→ **PROVIDED MATERIAL**
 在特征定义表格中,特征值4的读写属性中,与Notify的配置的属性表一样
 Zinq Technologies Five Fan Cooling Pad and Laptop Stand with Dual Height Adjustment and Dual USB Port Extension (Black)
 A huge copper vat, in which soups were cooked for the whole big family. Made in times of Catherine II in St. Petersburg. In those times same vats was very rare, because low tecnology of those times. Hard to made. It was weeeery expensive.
...
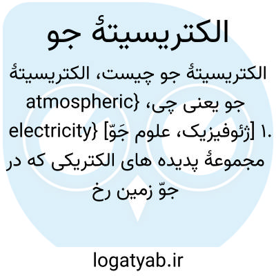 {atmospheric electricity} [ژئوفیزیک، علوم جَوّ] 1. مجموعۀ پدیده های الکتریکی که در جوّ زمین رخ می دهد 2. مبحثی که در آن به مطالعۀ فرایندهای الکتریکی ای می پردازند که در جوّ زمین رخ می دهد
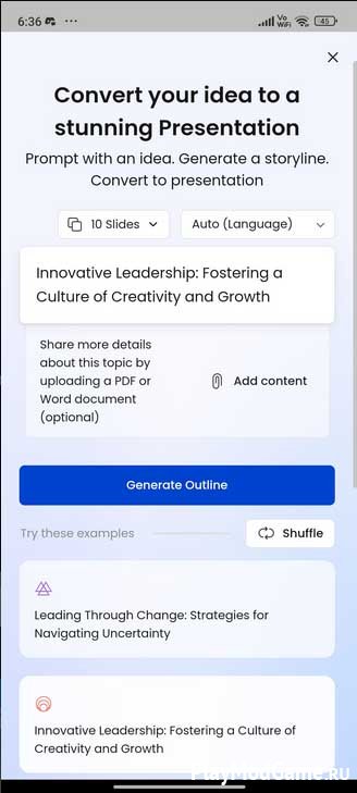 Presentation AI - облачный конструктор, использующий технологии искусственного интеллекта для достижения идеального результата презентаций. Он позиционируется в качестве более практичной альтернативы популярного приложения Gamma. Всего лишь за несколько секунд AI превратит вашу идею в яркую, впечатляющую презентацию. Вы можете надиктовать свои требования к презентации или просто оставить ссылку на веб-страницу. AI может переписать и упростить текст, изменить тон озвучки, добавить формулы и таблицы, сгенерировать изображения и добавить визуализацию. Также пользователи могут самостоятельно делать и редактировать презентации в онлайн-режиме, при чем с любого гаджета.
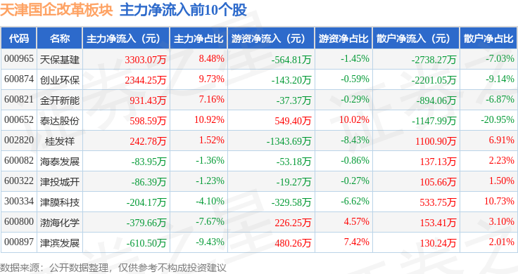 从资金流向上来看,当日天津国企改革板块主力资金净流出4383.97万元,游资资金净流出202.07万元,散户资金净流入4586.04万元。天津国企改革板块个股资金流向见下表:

→ **ABOUT THIS TASK**
Starting with the line that has "Presentation AI - облачный" and ending with the line that has "从资金流向上来看,当日天津国", repeat the lines above exactly, omitting every picture.

→ **ANSWER BELOW**
 Presentation AI - облачный конструктор, использующий технологии искусственного интеллекта для достижения идеального результата презентаций. Он позиционируется в качестве более практичной альтернативы популярного приложения Gamma. Всего лишь за несколько секунд AI превратит вашу идею в яркую, впечатляющую презентацию. Вы можете надиктовать свои требования к презентации или просто оставить ссылку на веб-страницу. AI может переписать и упростить текст, изменить тон озвучки, добавить формулы и таблицы, сгенерировать изображения и добавить визуализацию. Также пользователи могут самостоятельно делать и редактировать презентации в онлайн-режиме, при чем с любого гаджета.
 从资金流向上来看,当日天津国企改革板块主力资金净流出4383.97万元,游资资金净流出202.07万元,散户资金净流入4586.04万元。天津国企改革板块个股资金流向见下表:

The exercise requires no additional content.